The City will donate $150,000 to create public art commemorating the slave trade near Faneuil Hall, one of 10 projects chosen to receive financial backing from the Edward Ingersoll Browne Trust Fund. WIKIMEDIA COMMONS

More than $800,000 in grants have been awarded to 10 public arts and culture projects across the city, including a memorial for the victims of the 2013 Boston Marathon bombings and art near Faneuil Hall to commemorate Africans and African Americans sold into slavery in the city.

The grants, announced in a press release Thursday by Mayor Martin Walsh and the Mayor’s Office of Arts and Culture, are funded through the Edward Ingersoll Browne Trust Fund, a public space improvement fund donated to the City by a wealthy merchant in 1892.
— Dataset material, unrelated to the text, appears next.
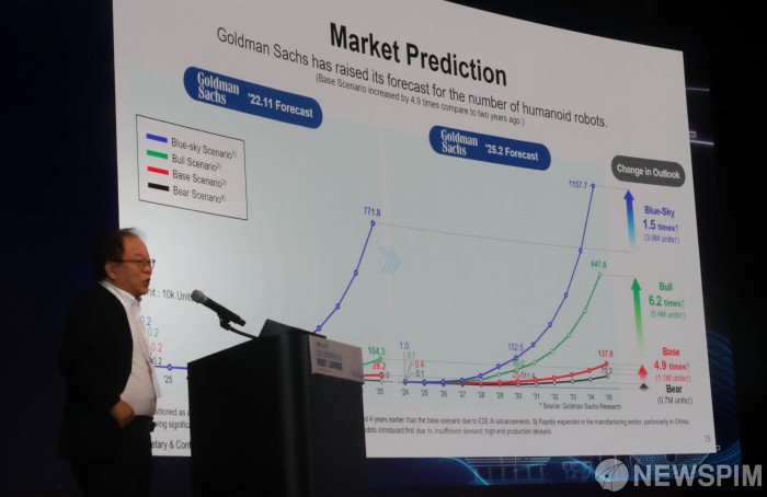 [서울=뉴스핌] 양윤모 기자 = 오준호 삼성전자 미래로봇추진단장이 30일 서울 강남구 삼성동 코엑스 그랜드볼룸에서 개최된 ‘제24회 휴머노이드 로봇 국제 컨퍼런스’행사에 참석 프레젠테이션을 하고 있다. 2025.09.30 yym58@newspim.com
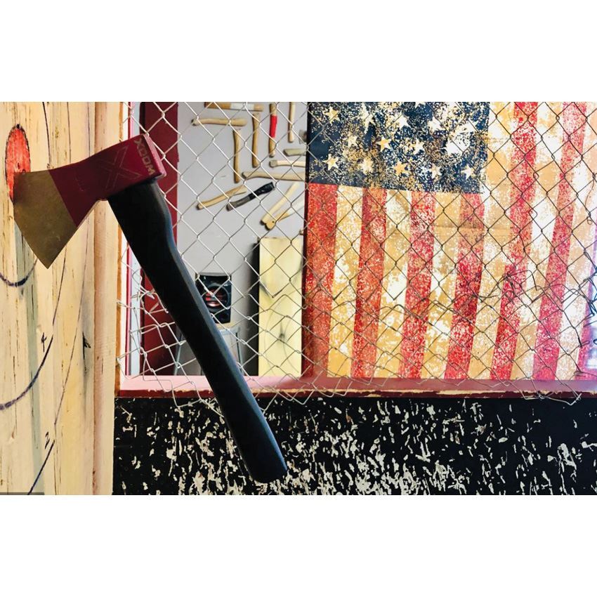 Model/Item/Part - WXA04004. WOOX - Thunderbird Throwing Axe Purp. 19" overall. 8.25" 1045 carbon steel axe head with 3.5" cutting edge. Brown American Hickory handle. Weight: 1.85lb. Mattock. Black leather belt sheath. Boxed. Made in Italy.

Walsh said in the release the Browne fund has in the past positively impacted Boston and that he looks forward to seeing the projects supplemented by this year’s grants.

“The grantees in this round of Browne funding represent a diverse array of projects from all across the City of Boston,” Walsh said. “We’ve seen the tremendous impact that public art and the beautification of neighborhoods can have on the City as a whole, and I am excited to see these projects enhance neighborhoods and uplift communities.”

Kristina Carroll, communications director for the Mayor’s Office of Arts and Culture, said the recipients this year cover a wide range of neighborhoods and art mediums in the city.

“There’s a good variety of groups there, and they’re all kind of in different phases of the process of some of these projects have already been completed, some are still in the works,” Carroll said. “And they take place throughout the city, so they’re in different neighborhoods, and different types of art projects, too.”

Recipients’ funding is going toward projects including landscaping and lighting improvements, memorials, restoration, public artwork and ornamental fencing.

In addition to the Browne fund, Carroll said, the Office of Arts and Culture has a Percent for Art program, which allocates 1 percent of the City’s capital construction budget toward the creation of permanent public art throughout the city.

“We have a few different projects underway right now, and these projects typically take a couple years to complete, so there are all kinds of different stages,” Carroll said.

Alexandria Guy, 25, of Brighton, said she thinks art in cities is important because it is a way for the community to express itself.

“It definitely reflects the people who live there,” Guy said. “In New York, for example, as you go from different borough to borough, you see how that borough shaped their area just by the artwork that you see there.”

Oliver Ashman, 25, of Allston, said he thinks art is important for individuals as well as the community.

“Hopefully it can bring some revenue for the City at the end of the day,” Ashman said.

Nyah Jordan contributed to the reporting of this article.